Data about students that are high quality yield the best outcomes for students—this is the basis of nearly all education data quality campaigns. As education data systems mature across the nation due to investments from Department of Education Statewide Longitudinal Data System grants, states have not been able to find more innovate ways to ensure that the data feeding into these systems is high quality.

Assuming that high data quality is an important goal for grantee states, why then do they continue to rely upon tired professional development workshops, giant posters, and endless PowerPoint decks devoted to awareness campaigns to identify and solve data quality issues? If we’re going to rely on more modern data systems, we also need to modernize our thinking around diagnosing the root causes of data quality issues.

We think we’ve found a way to do just that.

These new systems generate mountains of rich data—data so fine-grained that we were able to develop a series of indicators to test various aspects of data quality, such as timeliness, uniqueness, and accuracy.
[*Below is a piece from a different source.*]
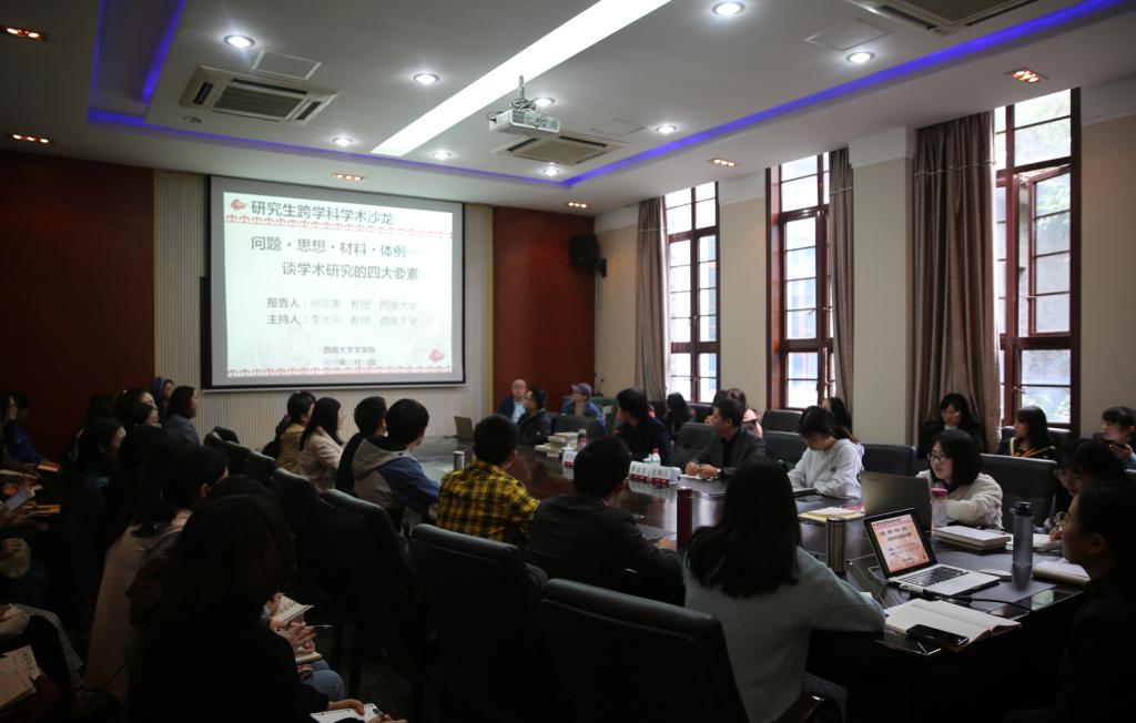 11月13日下午,“问题·思想·材料·体例——谈学术研究的四大要素”的PA视讯在文学院213会议室成功举办。本次学术沙龙由文学院李永东教授主持,文学院何宗美教授担任主讲嘉宾,2019级中国现当代文学专业的四位博士研究生卢阿涛、李燕君、廖志翔、邹佳良做了现场评议,文学院60余位研究生共同参与。

But what we found truly exciting was what happened when we combined these indicators with survey data about district technology and capacity. We used these data to reveal stark contrasts between high-data quality and low-data quality districts. For example, we found that districts high on the data quality scale had an average of 4 full-time data staff and spent $20-$30k per year in fixed system costs, while districts on the low end of the data quality scale had an average of 2 full-time data staff and spent $10-$15k per year.

Using this approach, we can now provide districts with a real “pulse” on their data quality while also giving them greater information about the quality control levers at their disposal. If more districts adopted this approach, we would stand a much better chance of improving outcomes for students.